It is a reasonably wide convention to reserve the symbols $a$ and $a^\dagger$ for bosonic annihilation and creation operators which satisfy the canonical commutation relations $$ [a,a^\dagger] = 1, \qquad [a,a] = [a^\dagger,a^\dagger] = 0, $$ while reserving the symbols $c$ and $c^\dagger$ for fermionic annihilation and creation operators which satisfy canonical anticommutation relations of the form $$ \{c,c^\dagger\} = 1, \qquad \{c,c\} = \{c^\dagger,c^\dagger\} = 0. $$ Under that convention, the fermionic operators still give a number operator as $N=c^\dagger c$, but their behaviour is very different since now the setting of anticommutators to zero implies that $c^2 = (c^\dagger)^2 = 0$, which restricts occupation numbers to only $1$ or $0$.

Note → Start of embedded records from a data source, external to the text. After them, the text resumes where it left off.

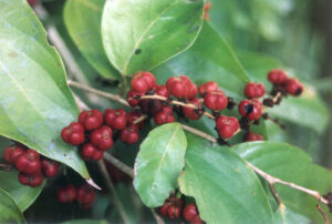 - Daunnya berbentuk oval dengan ujung yang runcing, dan biasanya berwarna hijau.
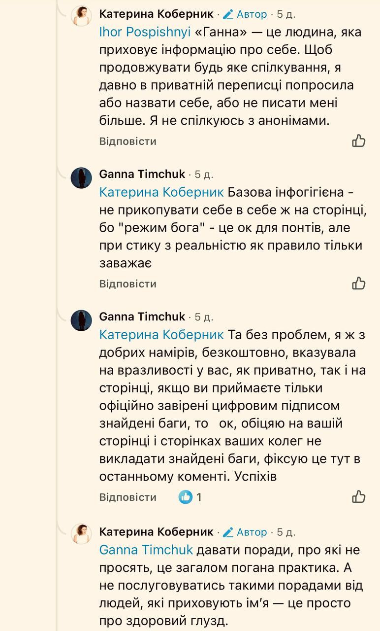 Ну що, достатньо контексту? Перейдімо тоді, нарешті, до відповідей. Ось що пише в коментах Катерина Коберник:
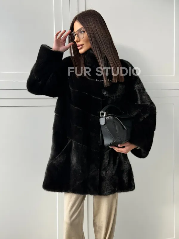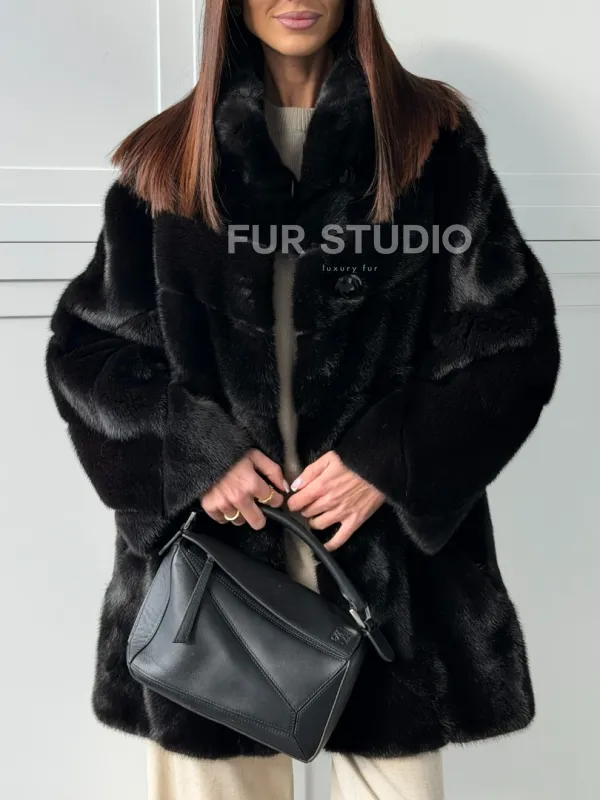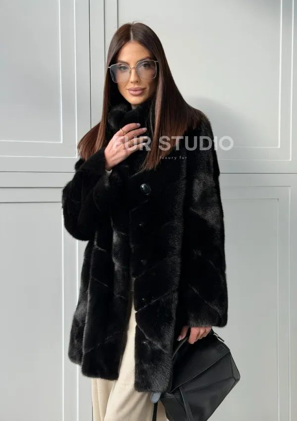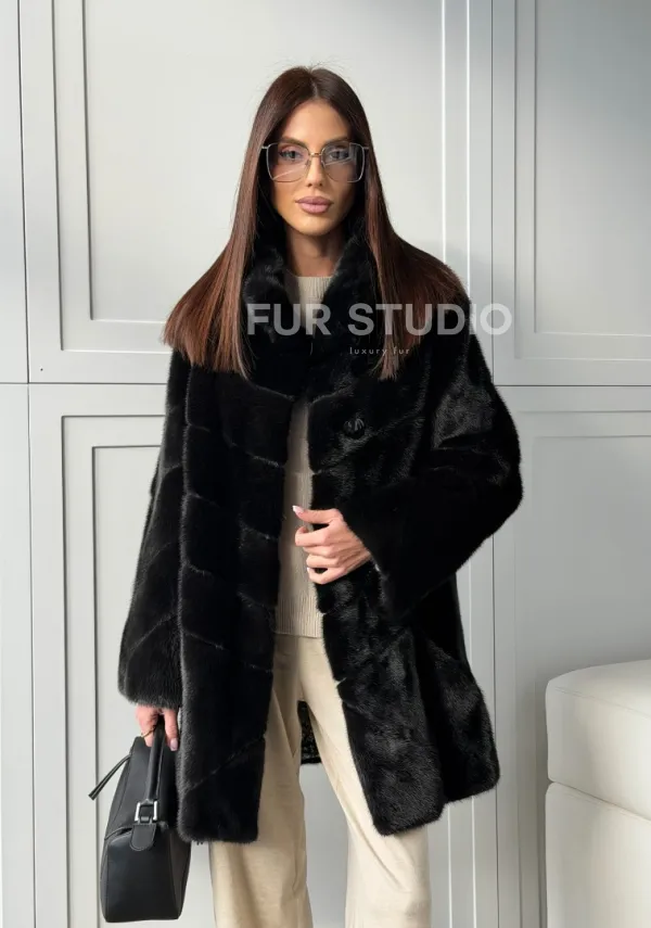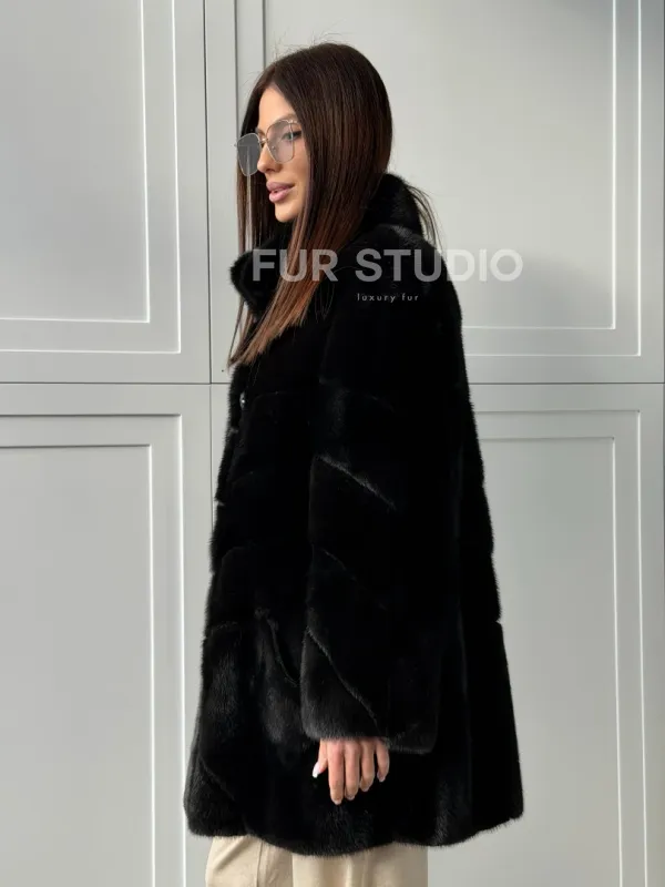 Черная норковая шуба - стойка воротник доступна для покупки в нашем шоуруме Furs Studio в . У нас так же есть доставка во все города России. Добавьте немного роскоши в свой гардероб с этой шубой, которая будет служить вам многие годы.
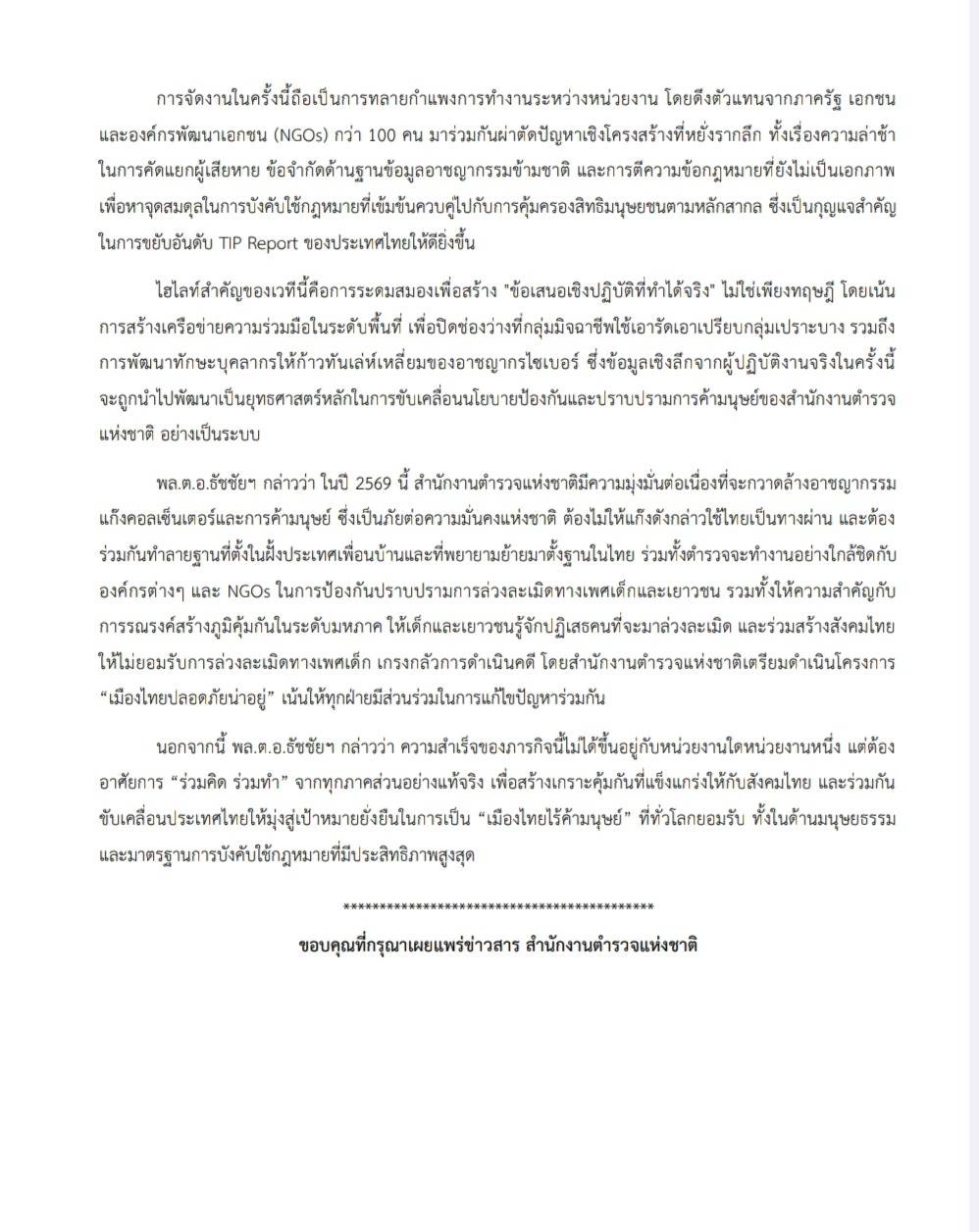 นอกจากนี้ พล.ต.อ.ธัชชัยฯ กล่าวว่า ความสำเร็จของภารกิจนี้ไม่ได้ขึ้นอยู่กับหน่วยงานใดหน่วยงานหนึ่ง แต่ต้องอาศัยการ “ร่วมคิด ร่วมทำ” จากทุกภาคส่วนอย่างแท้จริง เพื่อสร้างเกราะคุ้มกันที่แข็งแกร่งให้กับสังคมไทย และร่วมกันขับเคลื่อนประเทศไทยให้มุ่งสู่เป้าหมายยั่งยืนในการเป็น “เมืองไทยไร้ค้ามนุษย์” ที่ทั่วโลกยอมรับ ทั้งในด้านมนุษยธรรมและมาตรฐานการบังคับใช้กฎหมายที่มีประสิทธิภาพสูงสุด
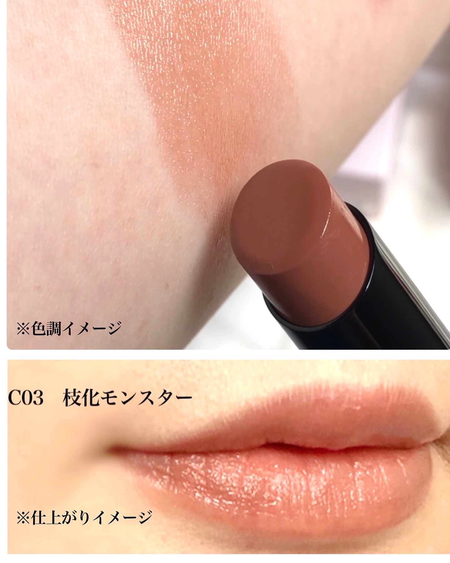 - <C01 炎化モンスター> テトライソステアリン酸ジペンタエリスリチル、オクチルドデカノール、トリ(カプリル酸/カプリン酸)グリセリル、イソノナン酸イソトリデシル、ラウロイルグルタミン酸ジ(フィトステリル/オクチルドデシル)、ビスアルキル(C16-18)グリセリルウンデシルジメチコン、パラフィン、水添ポリイソブテン、合成ワックス、ダイマージリノール酸(フィトステリル/イソステアリル/セチル/ステアリル/ベヘニル)、ラウロイルグルタミン酸ジ(オクチルドデシル/フィトステリル/ベヘニル)、マイクロクリスタリンワックス、水添マイクロクリスタリンワックス、トコフェロール、ホホバ種子油、オリーブ果実油、アーモンド油、ヒドロキシステアリン酸エチルヘキシル、(エチレン/プロピレン)コポリマー、ポリエチレン、(+/-)(チタン/酸化チタン)焼結物、マイカ、ラウロイルアスパラギン酸Na、ラウロイルリシン、塩化亜鉛、酸化鉄、硫酸Ba、トリイソステアリン酸イソプロピルチタン、赤202 <C02 肉色モンスター> テトライソステアリン酸ジペンタエリスリチル、オクチルドデカノール、トリ(カプリル酸/カプリン酸)グリセリル、イソノナン酸イソトリデシル、ラウロイルグルタミン酸ジ(フィトステリル/オクチルドデシル)、ビスアルキル(C16-18)グリセリルウンデシルジメチコン、パラフィン、水添ポリイソブテン、合成ワックス、ダイマージリノール酸(フィトステリル/イソステアリル/セチル/ステアリル/ベヘニル)、ラウロイルグルタミン酸ジ(オクチルドデシル/フィトステリル/ベヘニル)、マイクロクリスタリンワックス、水添マイクロクリスタリンワックス、トコフェロール、ホホバ種子油、オリーブ果実油、アーモンド油、ヒドロキシステアリン酸エチルヘキシル、(エチレン/プロピレン)コポリマー、ポリエチレン、ジメチコン、(+/-)(チタン/酸化チタン)焼結物、マイカ、ラウロイルアスパラギン酸Na、ラウロイルリシン、塩化亜鉛、酸化チタン、酸化鉄、水酸化Al、硫酸Ba、トリイソステアリン酸イソプロピルチタン、赤202 <C03 枝化モンスター> テトライソステアリン酸ジペンタエリスリチル、オクチルドデカノール、トリ(カプリル酸/カプリン酸)グリセリル、イソノナン酸イソトリデシル、ラウロイルグルタミン酸ジ(フィトステリル/オクチルドデシル)、ビスアルキル(C16-18)グリセリルウンデシルジメチコン、パラフィン、水添ポリイソブテン、合成ワックス、ダイマージリノール酸(フィトステリル/イソステアリル/セチル/ステアリル/ベヘニル)、ラウロイルグルタミン酸ジ(オクチルドデシル/フィトステリル/ベヘニル)、マイクロクリスタリンワックス、水添マイクロクリスタリンワックス、トコフェロール、ホホバ種子油、オリーブ果実油、アーモンド油、ヒドロキシステアリン酸エチルヘキシル、(エチレン/プロピレン)コポリマー、ポリエチレン、ジメチコン、(+/-)(チタン/酸化チタン)焼結物、マイカ、ラウロイルアスパラギン酸Na、ラウロイルリシン、塩化亜鉛、酸化チタン、酸化鉄、水酸化Al、硫酸Ba、トリイソステアリン酸イソプロピルチタン、赤202
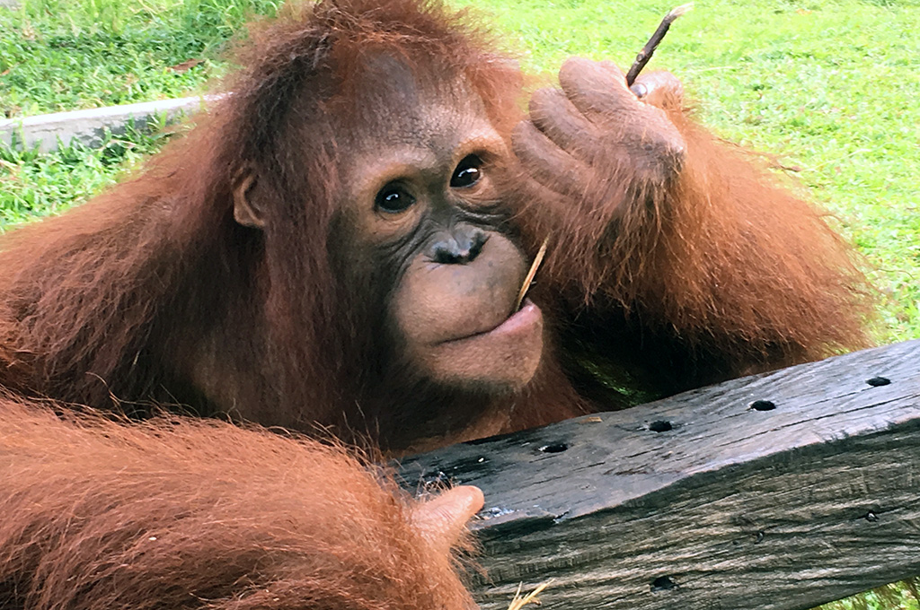 There is a forest area where young orangutans can visit with the staff to develop their forest skills during their rehabilitation program. These skills include nest building, traveling in the canopy and being able to identify and access various forest food sources including fruits, leaves, bark, cambium and insects. Young orangutans spend many years learning these skills from their mother in the forest, so the rehabilitation journey is a slow process. Orangutans develop at different rates depending on their age, temperament and how long they spent with their mother in the forest.

However: this convention is not universal, and you always need to check what (anti)commutation relations are being imposed into any such operators when they are introduced, whatever it is you're reading. The commutation relations fully specify the behaviour, though, so that if you have an object that satisfies the bosonic set of relations then you can call it a "ladder operator" or an "annihilation operator" according to personal taste, and no one will bat an eyelid at either term - they both have contexts where either can be preferable over the other.